Thermal cracking behavior of granite at high temperature and high pressure (HTHP) is the key to the performance of Hot Dry Rock (HDR) geothermal energy extraction system. In this study, permeability tests accompanying acoustic emission (AE) tests in granites are first conducted under HTHP by 600 °C 20MN servo control rock triaxial testing machine. The test results show that granites, nearly impermeable rocks, can show a striking increase of permeability by heating from the critical temperature. The growth curve of granite permeability shows two phases because of the multi-period of thermal-cracking in the heating process from room temperature to 500 °C. The coupled effect of temperature and pressure shows that critical temperature of permeability change decreases with increasing confining pressure.

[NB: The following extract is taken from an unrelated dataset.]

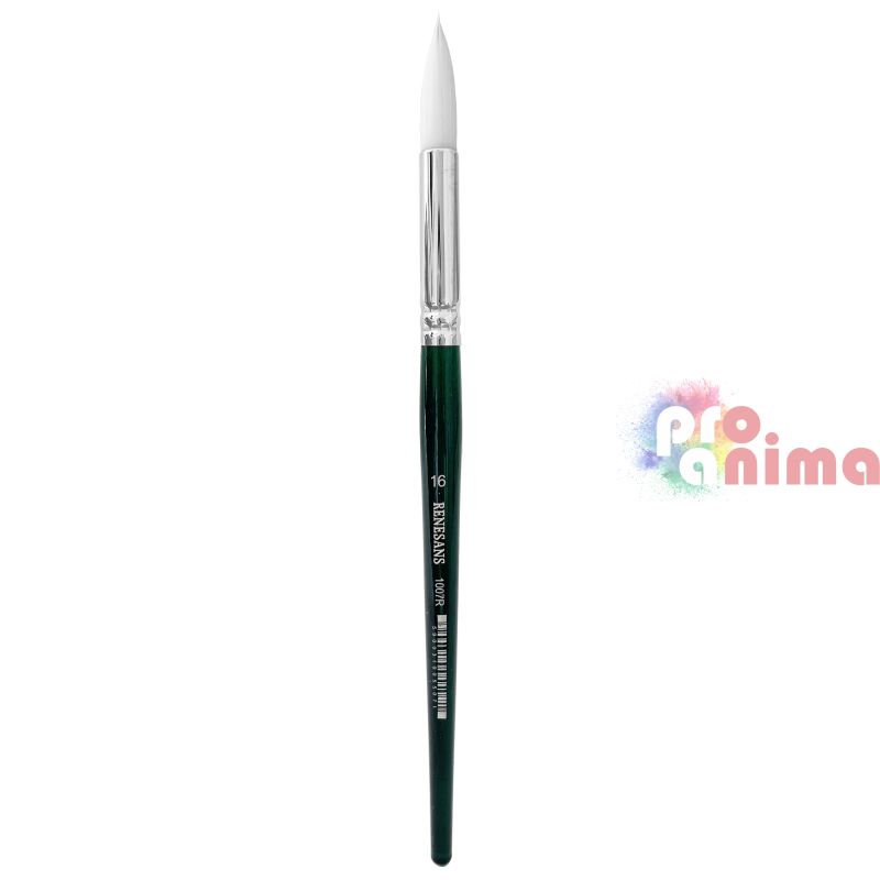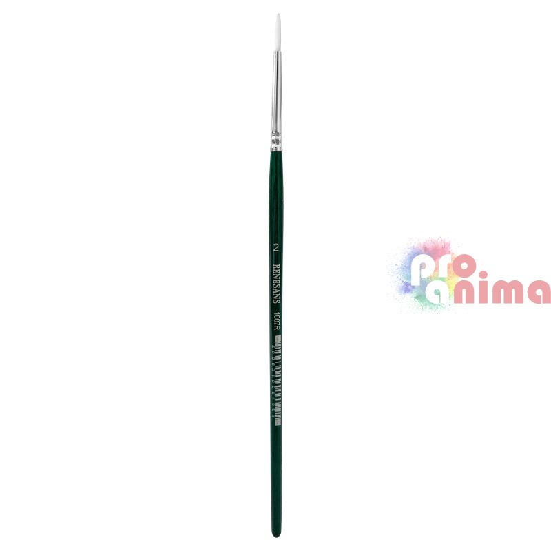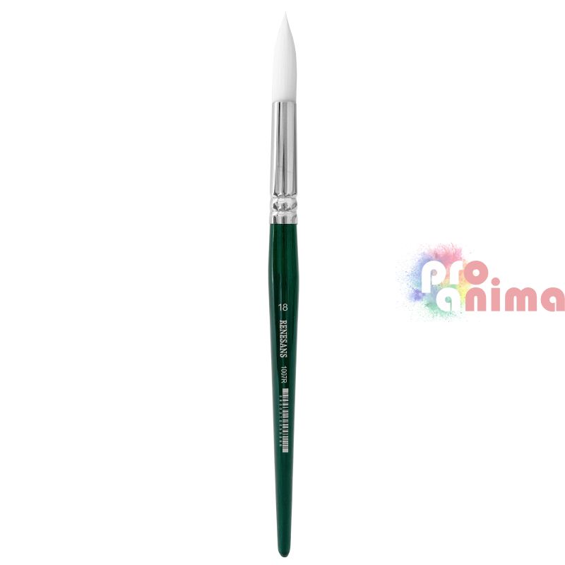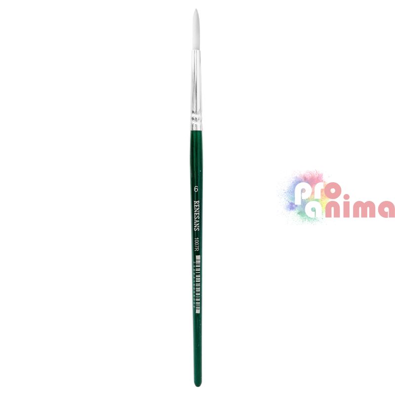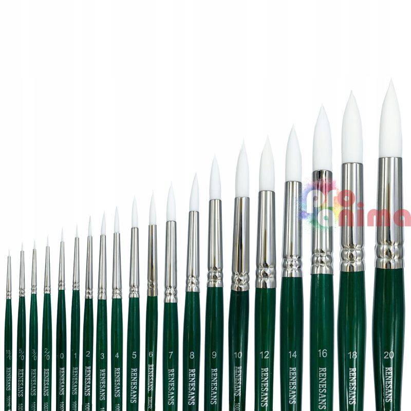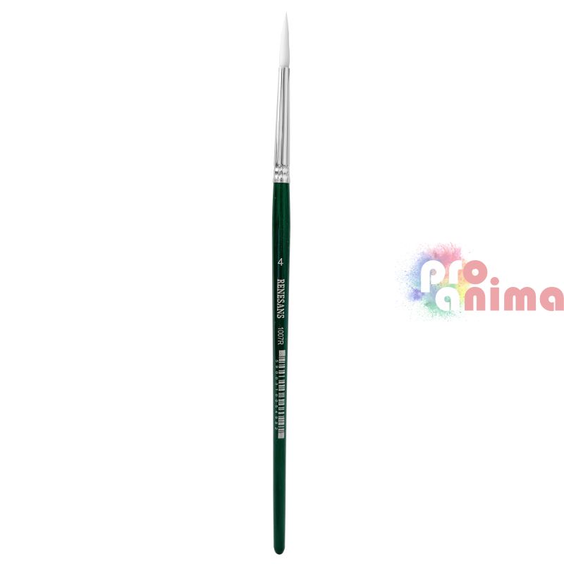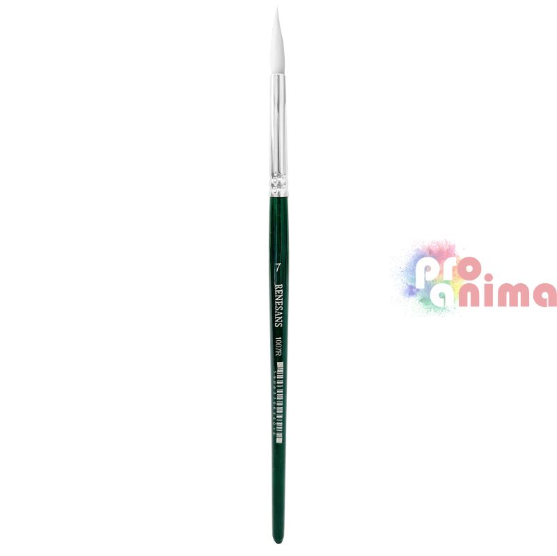 Четки за рисуване Renesans 1007R, Бяла синтетика, Зелена дръжка, Объл връх, Отделни номера

Then, a detailed characterization of the sample microstructure is presented using Micro-CT method. It is discovered that thermal cracking mainly occurs at grain boundaries in forms of inter-granular microcracks along apparent weaknesses, and develops with increasing temperature. Meanwhile intra-granular cracks are observed when heating to 500 °C, indicating that thermal cracking in granite under HTHP is induced by both intra-granular and inter-granular thermal stress. At last, experimental stimulation and application for geothermal mining of HDR are discussed.

Suggested Citation

  • Zhao, Yangsheng & Feng, Zijun & Zhao, Yu & Wan, Zhijun, 2017. "Experimental investigation on thermal cracking, permeability under HTHP and application for geothermal mining of HDR," Energy, Elsevier, vol. 132(C), pages 305-314.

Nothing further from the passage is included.